▸ **REQUIREMENT**:
Exactly as they stand, copy the lines from the one containing "You probably know" to the final line of the data; leave out the pictures.

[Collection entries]
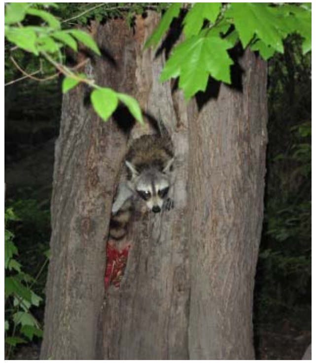
Holes, or cavities, in trees provide refuge for many wildlife species.

You probably know the number of acres your property covers, but did you know that space available for attracting wildlife extends vertically as well? Trees, shrubs, and vines of varying heights provide a full range of 'suites' for animals that climb and fly. The good news is that you can encourage increased vertical structure in your woodland through management practices like thinning - which increases sunlight and in turn promotes understory growth and forest renewal.
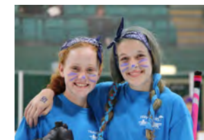
Embrace the spirit of the north
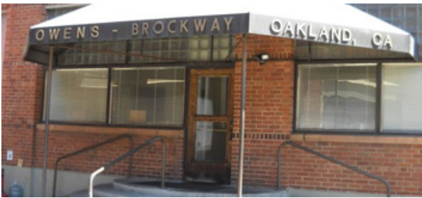
1.2 Million Square Feet - Roughly 1 Million Bottles a Day

Typical Risers Surrounding the Plant Monitoring Risers External Water Flow Tamper

▸ **RESPONSE**:
You probably know the number of acres your property covers, but did you know that space available for attracting wildlife extends vertically as well? Trees, shrubs, and vines of varying heights provide a full range of 'suites' for animals that climb and fly. The good news is that you can encourage increased vertical structure in your woodland through management practices like thinning - which increases sunlight and in turn promotes understory growth and forest renewal.
Embrace the spirit of the north
1.2 Million Square Feet - Roughly 1 Million Bottles a Day

Typical Risers Surrounding the Plant Monitoring Risers External Water Flow Tamper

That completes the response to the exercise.